Parenting is a strange deal. It’s one role in life where there is a strong blueprint—we were all children once, and someone got us through those years—but there’s no easing in to it.
In the early days of any new job I’ve had, I’d wear that “training” badge for as long as I could. I’ve always been able to defer to someone above me who had the ultimate responsibility. When I was in retail, there was a manager. As an actor, there was a director. As a young social worker, there was always a supervisor.
A dad can’t say the same about a grandparent. The ultimate responsibility is yours. Even if you’ve been babysitting for years, even if you are the most involved uncle in the world, there is nothing that really prepares you for …
Read all the books (and blog posts) you want. One’s experience of fatherhood is going to be unique. It has to be, because we all are.
Deciding what kind of father you want to be is important and laughable at the same time. Laughable because the days, weeks, and years are unpredictable. Having a co-parent may make it easier, but it also introduces the unpredictability of another person.
The important part is that you want your parenting to be as intentional as possible.
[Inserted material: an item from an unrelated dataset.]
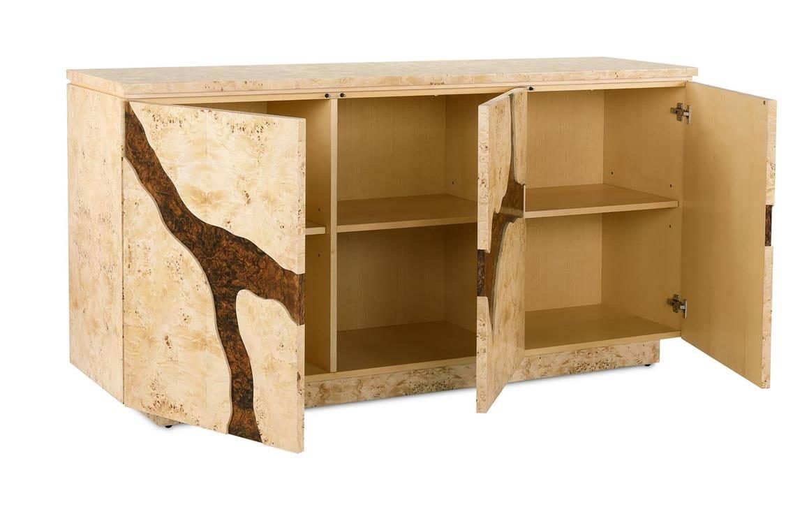 Product Description: John Richard EUR-04-0949 Orin Three-Door Credenza - The Orin Three-Door Credenza is crafted from mappa burl veneer in a Canvas finish, its light surface alive with swirling patterns and organic character. Sweeping inlays of walnut burl in a Medium Walnut finish create a striking contrast, their darker lines flowing organically across the surface in branching currents. This piece features three interior compartments, each with an adjustable shelf, as well as adjustable glides for ease of placement.

Natural Parenting May Be Anything but Natural
Our main teacher(s) for this amazing, strange role is the person or people who parented us.
We may think they did an awesome job or a horrendous one, but most likely it was somewhere in between. They were like you in many ways. They were faced with a role they were not trained for, and they did what they felt was best. If you don’t give any thought to evaluating that parenting, and really looking at how you were parented, you’re likely to do one of two things:
- Repeat it
- Do the exact opposite
Either way, you’re not parenting how you want to; you’re going on what you think is “instinctual,” but it’s either defaulted toward or against your parents. Either way, it’s not you who’s doing the parenting.
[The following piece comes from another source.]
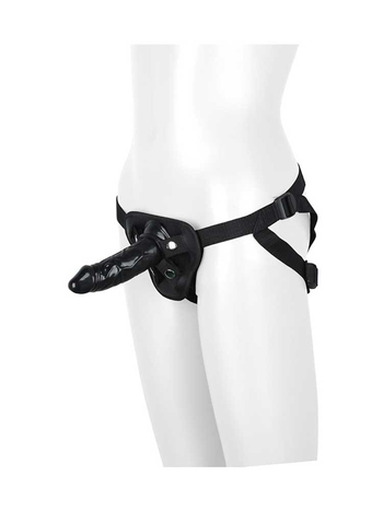 Το σετ περιλαμβάνει μία κομψή, ρυθμιζόμενη στους περισσότερους σωματότυπους, μαύρη ζώνη, εφοδιασμένη με τρουκς και o-rings στο μπροστινό μέρος, μέσα στα οποία συνδέεται τέλεια το πλαισιωμένο με ανάγλυφες φλέβες και πτυχώσεις στιβαρό μαύρο dildo, προσφέροντάς σας συναρπαστικά δυναμικό και σταθερό παιχνίδι (power play). Το ομοίωμα, σχεδιασμένο να μοιάζει με αληθινό πέος έχει υπέροχα απαλή υφή και είναι σχετικά ευλύγιστο ώστε να βρίσκει εύκολα και άμεσα τον επιθυμητό στόχο χαρίζοντάς σας εκρηκτικές και θυελλώδεις κορυφώσεις. Η ζώνη είναι συμβατή και με άλλα dildos της αγοράς, τα οποία εφαρμόζουν στις ζώνες με τον ίδιο ακριβώς τρόπο, ενώ το ομοίωμα μπορεί να χρησιμοποιηθεί και μόνο του, χωρίς τη ζώνη.

You are not your parent(s), and your child—take a breath, as this is hard to hear for some dads—is not you.
Parenting Roles Compounded
I’ve heard it said that no two siblings have the same parents. People not only parent differently because of who they are, they do so depending on circumstances and environment. For example, people who were parents in January 2001 were very different parents in January 2002. Where we are with regard to our relationships, our careers, our confidence levels, and the amount of support we have will influence how we parent, just like it influences everything else.
But what kind of father do you want to be to your kids? Are you going to be able to show them that men can be emotional? That men don’t have all the answers all the time and they can’t fix everything?
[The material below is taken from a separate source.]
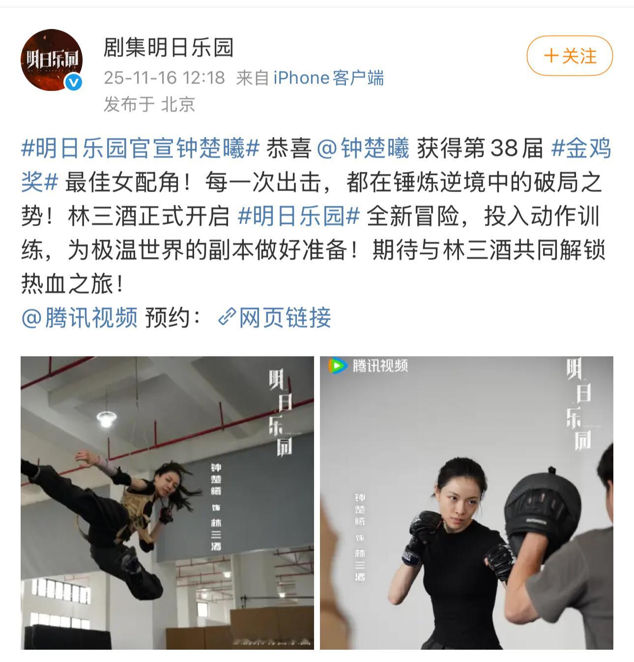 趁着金鸡奖的热度,剧集明日乐园官宣了钟楚曦

This isn’t a bad thing. It just is. And it needs to be thought about.
That’s what I mean by intentional parenting.
Many dads co-parenting in the 21st century have noticed their roles shift dramatically from what they observed their fathers doing. More is expected in some ways, and that can be a challenge—especially for men who expected that their roles would be more traditional. It’s not necessarily that everyone is learning new roles outside of tradition; it’s often that their roles are traditional plus.
Many fathers receive the message that they need to make a salary and feed, bathe, and change the baby. (We of course hear this about women, too, as they are often asked to do all they do as mothers and work full time.)
It’s not getting easier for anyone.
It Starts with Knowing Yourself
Intentional parenting can occur before you have the baby as well as after, and it’s ongoing. Some of this seems like common sense. You are probably aware that you’re going to be negotiating many of these roles, especially if you have a partner. You’re constantly figuring out who’s picking up who, when, and where, for example.
But what kind of father do you want to be to your kids? Are you going to be able to show them that men can be emotional? That men don’t have all the answers all the time and they can’t fix everything? Many people grew up with a father who represented the other side of all of that. Many had a remote father who would come in to “save the day” when mom supposedly got “too emotional.”
There are a lot of little and big decisions you’re going to be making every day. Why not have an intention set before embarking on this journey? It may take exorcising some ideas of what a man is and what a father should be. How connected are you to some of the more vulnerable emotions?
Many people have a child and then realize all the stuff they thought they figured out is still there. That’s fine. The important thing is that they are aware enough of their stuff that they realize when it’s getting in the way of being the father they want to be.
Have you decided on the father you intend to become?